EXERCISE PROMPT ::
Look at the data below and print exactly the lines from its first line through the line with "The scalloped hem, adorned"; the pictures stay out of the copy.

»»

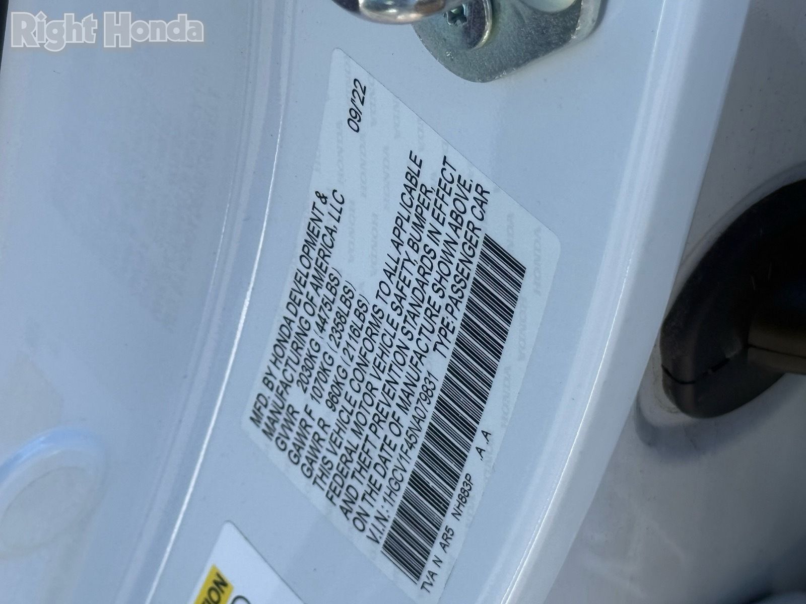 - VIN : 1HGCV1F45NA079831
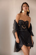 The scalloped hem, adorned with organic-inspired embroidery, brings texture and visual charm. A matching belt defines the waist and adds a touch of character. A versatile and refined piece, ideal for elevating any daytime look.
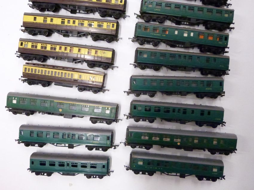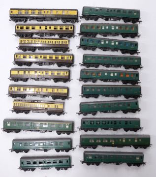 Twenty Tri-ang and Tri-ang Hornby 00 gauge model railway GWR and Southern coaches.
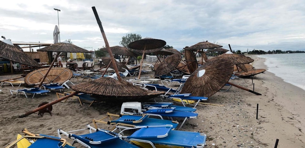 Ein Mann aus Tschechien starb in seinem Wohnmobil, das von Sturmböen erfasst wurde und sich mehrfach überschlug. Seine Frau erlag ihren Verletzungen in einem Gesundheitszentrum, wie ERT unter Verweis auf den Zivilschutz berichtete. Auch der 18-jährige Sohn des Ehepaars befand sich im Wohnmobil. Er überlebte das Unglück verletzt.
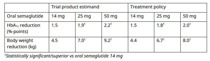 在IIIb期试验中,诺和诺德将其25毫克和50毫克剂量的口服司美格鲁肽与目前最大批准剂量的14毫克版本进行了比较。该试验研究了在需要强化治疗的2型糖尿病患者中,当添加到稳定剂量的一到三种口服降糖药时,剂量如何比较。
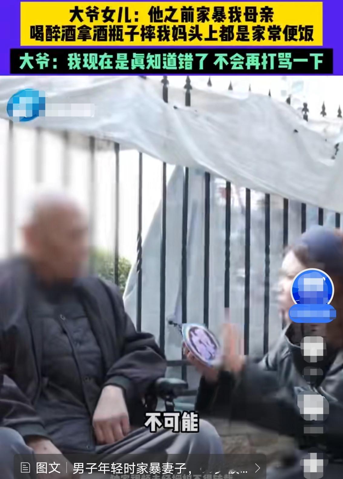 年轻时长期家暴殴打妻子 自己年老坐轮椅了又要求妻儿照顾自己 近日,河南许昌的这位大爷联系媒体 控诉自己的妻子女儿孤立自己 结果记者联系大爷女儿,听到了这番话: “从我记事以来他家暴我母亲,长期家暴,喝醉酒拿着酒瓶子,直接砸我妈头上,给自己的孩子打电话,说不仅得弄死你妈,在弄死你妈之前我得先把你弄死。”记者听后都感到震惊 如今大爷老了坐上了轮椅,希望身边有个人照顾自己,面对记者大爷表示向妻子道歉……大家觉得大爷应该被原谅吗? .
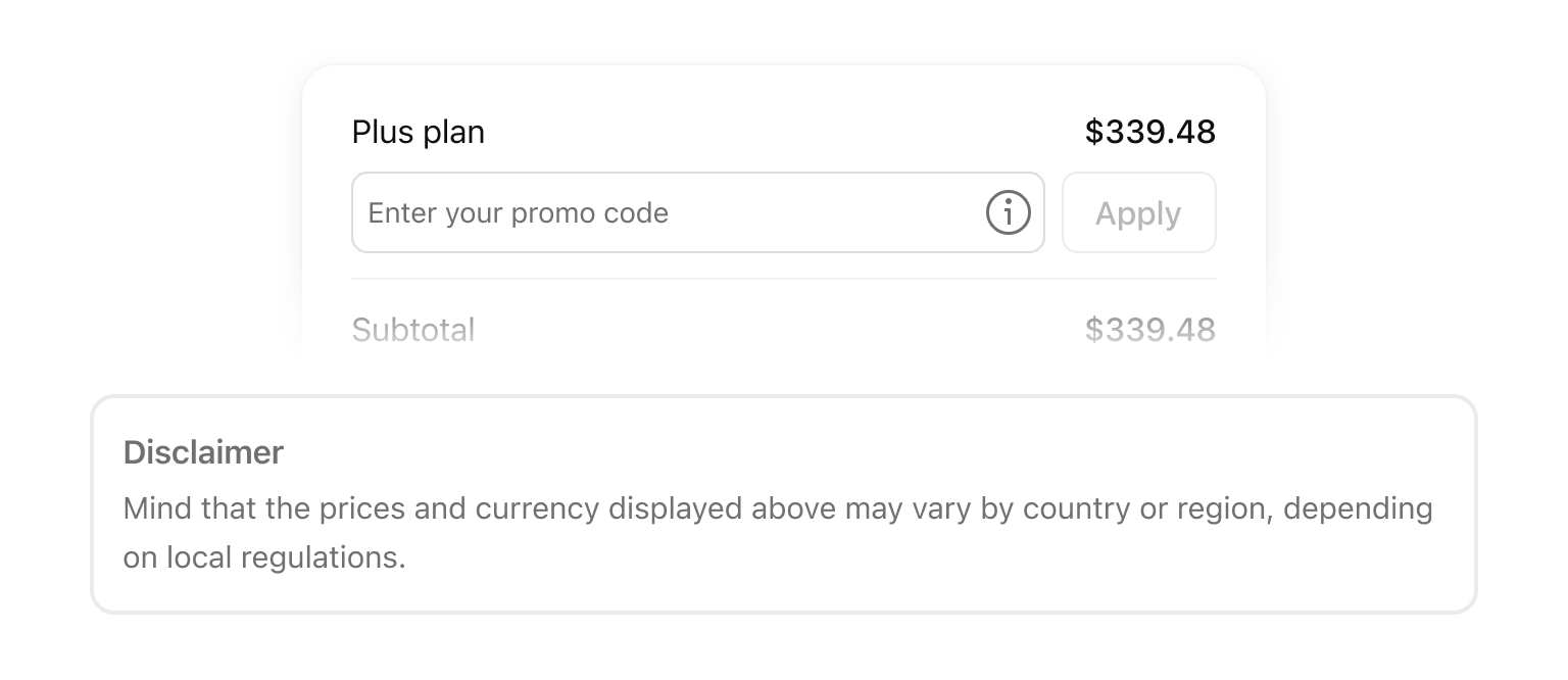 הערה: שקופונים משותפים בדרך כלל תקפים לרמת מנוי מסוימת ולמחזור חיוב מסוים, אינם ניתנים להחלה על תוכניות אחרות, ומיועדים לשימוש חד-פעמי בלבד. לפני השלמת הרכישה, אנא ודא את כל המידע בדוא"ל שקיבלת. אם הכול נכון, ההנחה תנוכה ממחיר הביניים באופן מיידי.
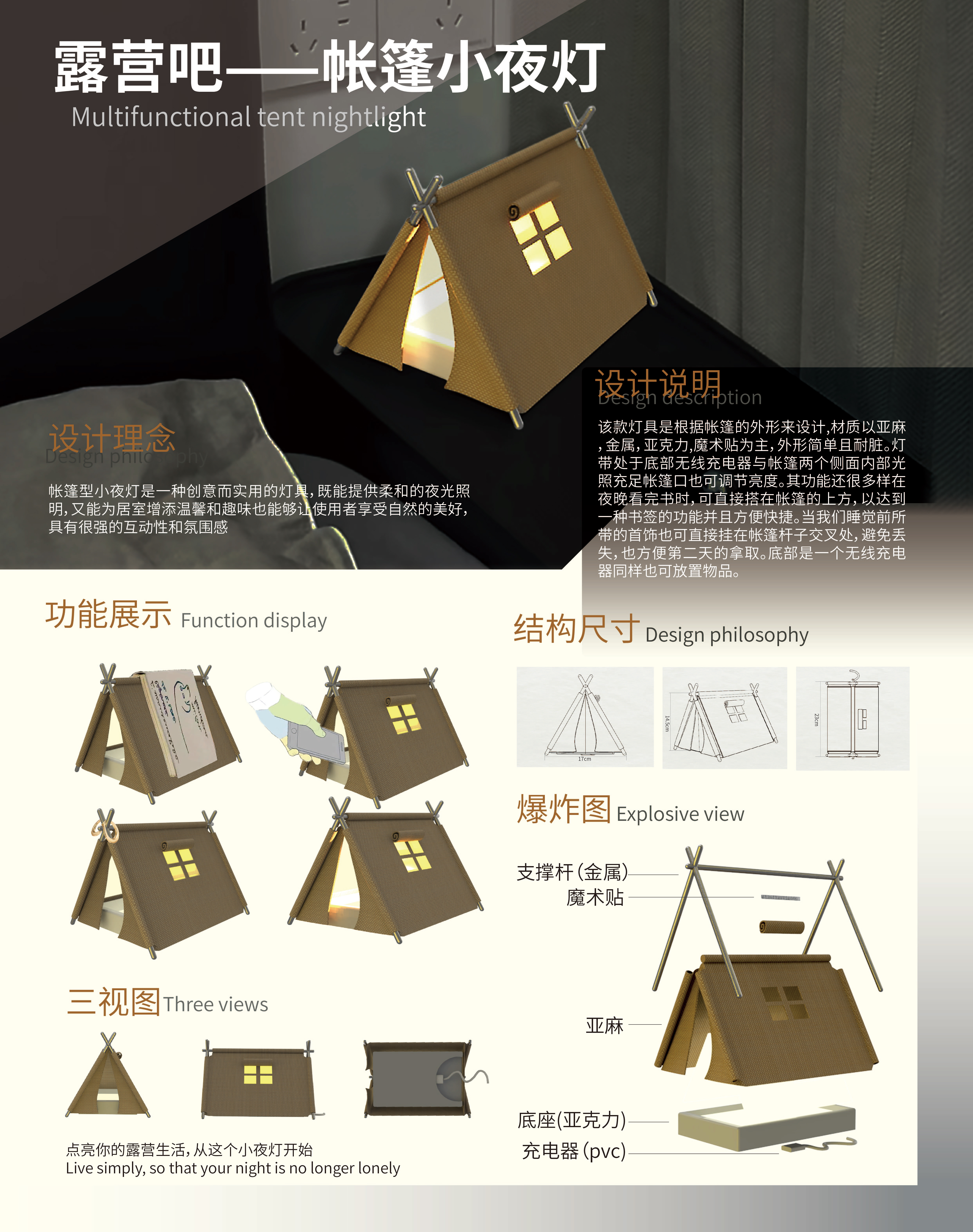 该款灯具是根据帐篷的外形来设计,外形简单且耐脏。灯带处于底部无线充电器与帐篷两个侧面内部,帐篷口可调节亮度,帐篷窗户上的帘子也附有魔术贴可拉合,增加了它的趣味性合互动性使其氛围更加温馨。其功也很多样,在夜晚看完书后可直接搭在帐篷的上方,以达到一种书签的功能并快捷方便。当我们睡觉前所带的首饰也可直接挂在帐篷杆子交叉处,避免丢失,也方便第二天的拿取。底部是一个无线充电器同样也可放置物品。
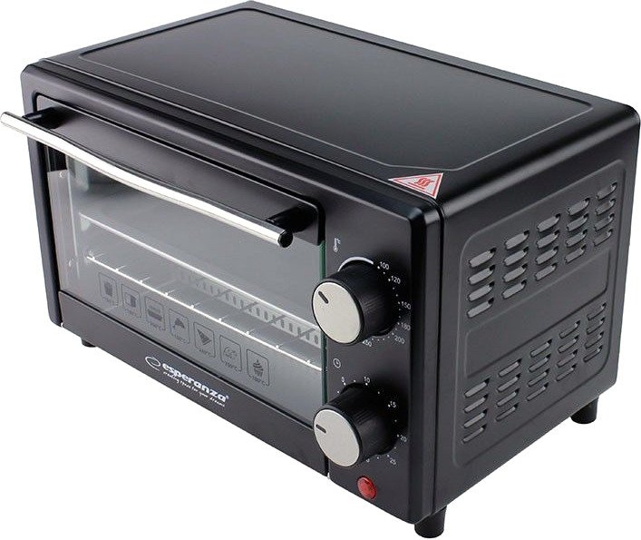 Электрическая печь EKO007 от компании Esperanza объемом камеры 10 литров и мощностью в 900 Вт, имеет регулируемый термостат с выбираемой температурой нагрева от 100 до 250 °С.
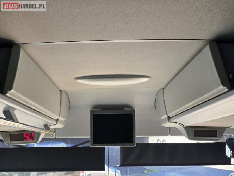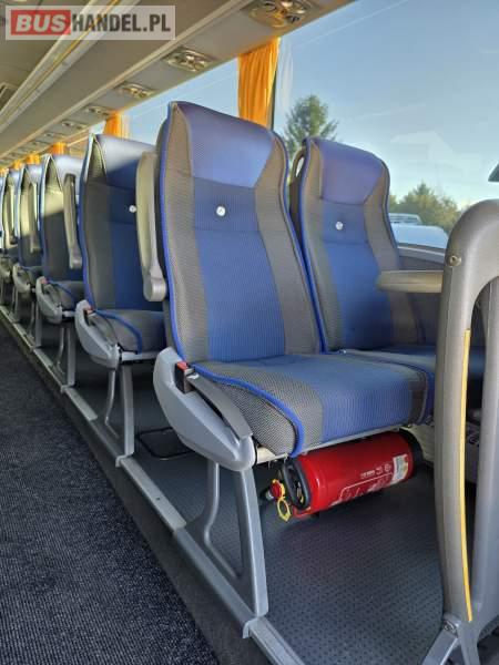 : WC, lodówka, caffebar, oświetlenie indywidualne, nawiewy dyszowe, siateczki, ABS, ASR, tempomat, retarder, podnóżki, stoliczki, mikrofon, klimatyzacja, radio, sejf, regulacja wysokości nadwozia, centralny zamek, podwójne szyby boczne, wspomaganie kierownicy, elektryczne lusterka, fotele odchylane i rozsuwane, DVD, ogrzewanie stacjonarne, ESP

««

REPLY ::
 - VIN : 1HGCV1F45NA079831
 The scalloped hem, adorned with organic-inspired embroidery, brings texture and visual charm. A matching belt defines the waist and adds a touch of character. A versatile and refined piece, ideal for elevating any daytime look.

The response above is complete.